Here's the summary output of mod2:
> summary(mod2)
Call:
coxph(formula = Surv(rep(1, 2418L), use) ~ vegetation.structure +
vegetation.structure:species + strata(group), data = data,
method = "exact")
n= 2418, number of events= 1209
coef exp(coef) se(coef) z Pr(>|z|)
vegetation.structuretype2 -2.400984 0.090629 0.507924 -4.727 2.28e-06 ***
vegetation.structuretype3 -4.040649 0.017586 0.459174 -8.800 < 2e-16 ***
vegetation.structuretype1:speciesspecies2 -2.054953 0.128099 0.518891 -3.960 7.49e-05 ***
vegetation.structuretype2:speciesspecies2 -0.004336 0.995673 0.511864 -0.008 0.99324
vegetation.structuretype3:speciesspecies2 NA NA 0.000000 NA NA
vegetation.structuretype1:speciesspecies3 -1.322921 0.266356 0.605789 -2.184 0.02898 *
vegetation.structuretype2:speciesspecies3 -1.015964 0.362053 0.378729 -2.683 0.00731 **
vegetation.structuretype3:speciesspecies3 NA NA 0.000000 NA NA
---
Signif. codes: 0 ‘***’ 0.001 ‘**’ 0.01 ‘*’ 0.05 ‘.’ 0.1 ‘ ’ 1
exp(coef) exp(-coef) lower .95 upper .95
vegetation.structuretype2 0.09063 11.034 0.03349 0.24525
vegetation.structuretype3 0.01759 56.863 0.00715 0.04325
vegetation.structuretype1:speciesspecies2 0.12810 7.806 0.04633 0.35418
vegetation.structuretype2:speciesspecies2 0.99567 1.004 0.36510 2.71529
vegetation.structuretype3:speciesspecies2 NA NA NA NA
vegetation.structuretype1:speciesspecies3 0.26636 3.754 0.08125 0.87320
vegetation.structuretype2:speciesspecies3 0.36205 2.762 0.17234 0.76058
vegetation.structuretype3:speciesspecies3 NA NA NA NA
Concordance= 0.715 (se = 0.012 )
Likelihood ratio test= 531.8 on 6 df, p=<2e-16
Wald test = 221.7 on 6 df, p=<2e-16
Score (logrank) test = 433.3 on 6 df, p=<2e-16
I am puzzled by this issue and suspect that the regression might be considering the "type3" level of "vegetation.structure" as the reference, estimating coefficients as differences from this level. However, my goal would be to obtain estimates for all coefficients to understand the species comparisons.

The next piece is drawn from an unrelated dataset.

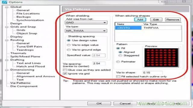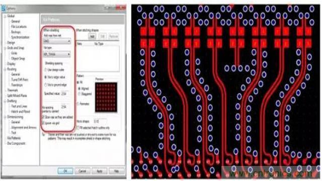 射頻設計的另一個重要方面是確保正確地屏蔽帶過孔的區(qū)域。盡管此任務可由設計人員手動進行,但這個過程極其耗時。如果PCB 設計工具能夠自動完成此過程,將可以縮短設計周期時間并確保符合您的所有設計規(guī)則。利用此類工具,設計人員可以指定過孔模式生成規(guī)則,而將剩余的工作全部交由PCB 設計工具完成。

I manipulated the dataset by introducing a significantly imbalanced number of observations for habitat use (1) in the "type3" level of "vegetation.structure". This manipulation did not resolve the issue, leading me to believe that the NA coefficients are not a result of an equal number of observations between habitat use and random conditions.
Moreover, during dataset manipulation, I observed instances where the model considers either "type1" or "type2" of "vegetation.structure" as the reference level, resulting in NA coefficients. This inconsistency adds to my confusion, as I am striving to obtain reliable estimates for all levels of "vegetation.structure" to facilitate species comparisons.
I greatly appreciate your expertise and was wondering if you could provide any insights or guidance on how to address this matter.